2017/02/24

アリババのO2O「ニュー・リテール」

アリババは、中国の小売り大手の百聯集団と提携すると発表した。百聯集団は中国国内で百貨店やショッピングセンターなど、スーパーマーケット、コンビニエンスストアまでを運営している。中国チェーンストア・フランチャイズ協会によると、「2015年主要百貨店チェーンのビジネス状況」では、百聯集団の売上高は1位、その後、王府井百貨店と銀泰百貨店。

百聯集団とアリババが協力する分野は、技術研究開発、サプライチェーンの統合、会員システム、金融、決済、物流システム。アリババは、昨年馬氏が提唱した「ニュー・リテール」を確実に進め、ネットと実店舗の融合を目指す。
  • 2013年、アリババは銀泰百貨店との戦略的協力を提携、2014年に銀泰百貨店の筆頭株主となった。
  • 2015年、アリババは家電量販店の最大手である蘇寧に約283億元出資、後者の第二位株主になった。
  • 2016年末、アリババ子会社が浙江省のスーパーマーケットチェーンの三江ショッピングに21.5億元出資し、株式の32%を取得した。

今回の百聯集団は百貨店以外、ショッピングセンター、スーパーマーケットやコンビニエンスストアの三つの小売業態も持ち、それぞれセンチュリー聯華、聯華スーパーマーケット、華聯スーパーマーケットとクイックコンビニの4ブランドで拡大し続けている。聯華スーパーの年次報告書よると、2016年6月時点で全国店舗数は約3800点がある。
黄色系はアリババ、灰色系は京東

しかし、競合のネットスーパーである京東も先に行っている。小売大手の永輝スーパーに出資、ウォルマートと提携している。

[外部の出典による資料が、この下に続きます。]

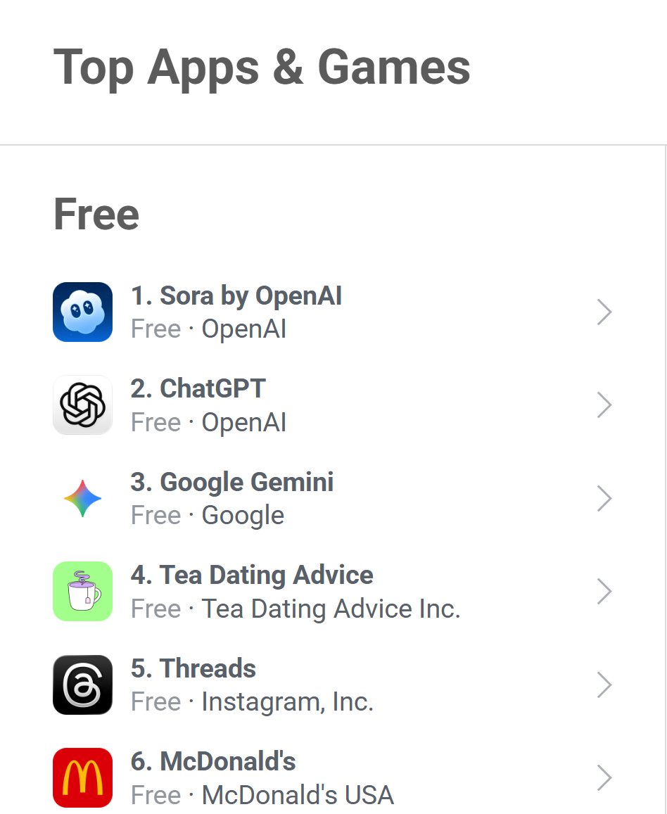 OpenAI旗下视频生成使用Sora自2025年9月30日上线以来,上线后,其排名已攀升至该榜单第1位。但10月4日仍录得9.85万次日安拆量,

2015年の中国チェーントップ100社では、アリババが提携した百聯集団は7位、三江ショッピングは84位、京東が選んだウォルマートは5位、永輝スーパーは10位である。

これからもインターネット企業によるリアル小売企業の買収が増えるだろう。ネットと実店舗の融合(O2O)もしくは「ニュー・リテール」がどうなるかが楽しみだ。